Introduction:  Cervical screening programs have been introduced in many countries and are generally regarded as the most appropriate and effective method currently available for preventing cervical cancer. Although action has been undertaken by some rural practitioners, especially by district midwives, there are still few published data on the effectiveness of community-oriented cervical screening programs in Greece. Objective: To explore an innovative approach in a primary-care setting in rural Crete. This study reports on the effectiveness of a health education meeting in recruiting women for a cervical screening program.

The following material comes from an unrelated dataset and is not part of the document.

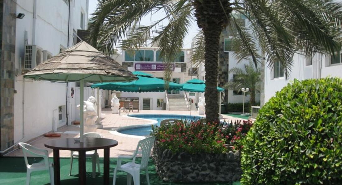 Прилетели в отель все русские, которые пострадали от перебронированных туров в египет и турцию. Скажу прямо не ведитесь у туроператоров, лучше переплатить и лететь в нормальный отель. При заезде меняли 2 номера, то что предлагали это просто ужас, грязные номера в которых ванна с туалетом выглядит как в комуналке, не было даже простыней, убираются в номерах ужасно, отель не просто старый, его пора снести, находится на берегу, канализацию из всех близлежайших отелей сливают прямо в залив, купаться невозможно и запрещено, возят на пляж для "русских", на пляже не убираются совсем, бычки, пакеты, мусор, все это вы увидите на пляже, не пожалейте денег на такси и езжайте на другой пляж, впечатления будут совсем другие. Питание как в советской столовой, юпи вместо сока, на завтрак тухлые вареные яйца, на обед баланда в виде "борща", на ужин мясо похожее на кролика или белку, но точно не говядина, один раз за неделю давали какую то непонятную рыбу, запах в этой столовой ужас, аппетит пропадает сразу, ездили в магазин за креветками и варили сами, хоть кастрюлю то дали, можно вкусно поесть в соседних отелях или в ресторанах, по деньгам как в россии обед примерно в 1500 рублей, вина в шардже просто нет, район шарджа самый строгий эмират, чтобы купить что то из спиртного нужно ехать в аджаман или в дубай, рядом с отелем магазинов просто нет. Как будто русских вывезли на необитаемый остров, и мы не достойны хорошего отдыха. Рядом есть заправка на которой можно хоть гамбургер купить. Отель не спокойный и не тихий, потому что дорога рядом. бассейны грязные что ноги страшно помочить в них. подогрев одного бассейна( сливается в бассейн горячая вода через трубу по улице, зрелище смешное). На ресепшене предлагают экскурсии это вообще финиш ( ладно дорого так еще они обьединяются с туроператорами, привозят людей до места а там сами по себе, один мужчина потерялся с отеля в дубай молл, мы его направили, вообщем если хотите экстримальный отдых вам туда, но лучше не рискуйте.
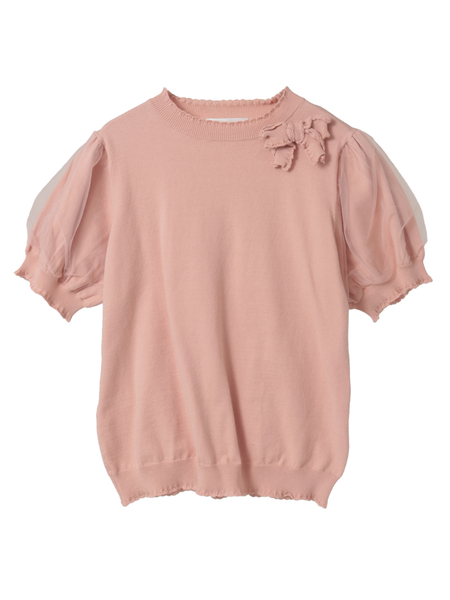 • チュール使いパフスリーブニット

Methods:  At a centre for the elderly, 16 women participated in an educational discussion meeting organised to promote cervical screening. The women who participated in the discussion meeting were invited to organise a group visit to a rural primary healthcare centre, in order to be screened as a team during the following 15 days. The theoretical model underpinning the development of this intervention was based on the 'social learning theory'. Emphasis was placed up individual and social responsibility regarding cervical cancer.
Results:  A total number of 48 women (average age 62 years) including all those who participated in the educational discussion meeting, visited the Spili Health Center, Crete, 15 days after the discussion meeting. The main finding was the high compliance rate of the women who participated in the educational discussion meeting, resulting in recruiting all the initial participants. Moreover, the lay women who participated in the small group discussion meeting, in the capacity of key messengers convinced an additional 32 women to participate in a screening program for cervical cancer as members of a team, rather than individually. The majority (52.1%, n = 25 out of 48) of the women had not been previously screened for cervical cancer.
Conclusions:  Health education is an important factor in the process of health promotion, and health professionals should consider the dynamics of a specific group in order to carry out their work effectively. Awareness of the special characteristics of an individual as a member of a defined group can contribute to increasing the motivation for participation in health programs as a member of that group. It is suggested that more educational programs take place in rural Crete in order to augment the compliance rate of women in cervical screening programs.

Key words:  cervical cancer screening, community, discussion meeting, health education, women’s health.